Я почти забыл уже, как хорошо быть в ладу с самим собой, и я был ей благодарен. Пытаясь исправить свою оплошность, я попросил ее рассказать о себе, и она рассказала немного, пока мы ели.
Отец у нее-- денежный мешок. Она закончила художественный колледж где-то на востоке Штатов. В юности ей и в голову не приходило, что когда-нибудь придется зарабатывать себе на жизнь. Она вышла замуж за хорошего парня, который впоследствии оказался не таким уж хорошим. Она оставила его и попыталась добиться чего-нибудь своими силами. Но не получилось.

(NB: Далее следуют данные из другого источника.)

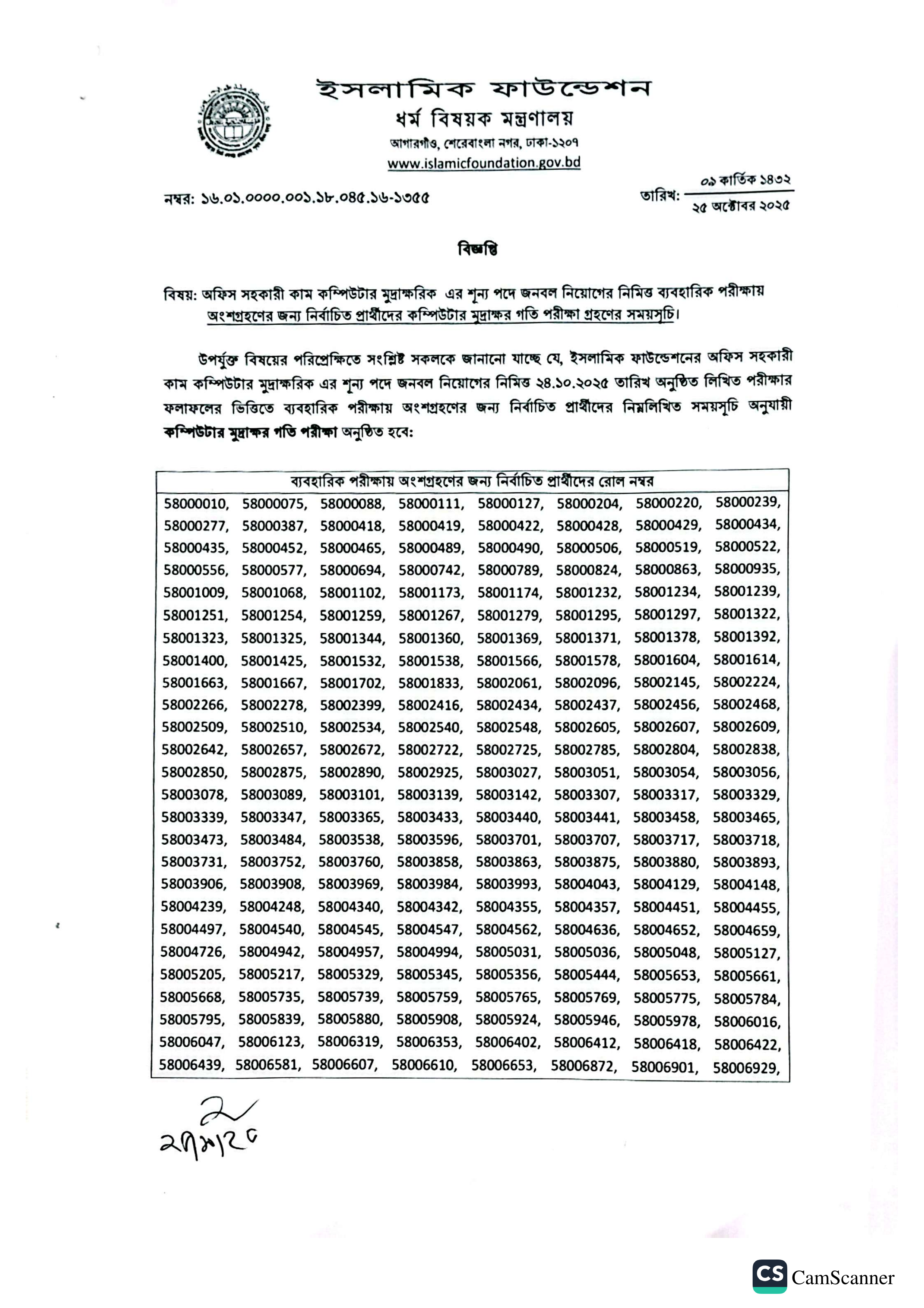 ইসলামিক ফাউন্ডেশনের অফিস সহকারী কাম কম্পিউটার মুদ্রাক্ষরিক শূন্য পদে জনবল নিয়োগের লক্ষ্যে অনুষ্ঠিত লিখিত পরীক্ষার ফলাফলের ভিত্তিতে ব্যবহারিক পরীক্ষায় অংশগ্রহণের জন্য নির্বাচিত প্রার্থীদের কম্পিউটার মুদ্রাক্ষর গতি পরীক্ষার সময়সূচি ঘোষণা করা হয়েছে।

Как я понял, художника из нее не вышло. Она пришла в ужас, увидев, как трудно самой себя обеспечить, но к отцу возвращаться не захотела. Время от времени он шлет ей подарки, вроде той машины на улице, от которых у нее не хватает силы воли отказаться.
Она рассказывала свою историю бегло и без запинок и закончила перед десертом. На каждый мой вопрос ответ выдавался мгновенно. Это было поистине поразительно, потому что где-то на середине рассказа я поймал себя на том, что не верю ни единому ее слову.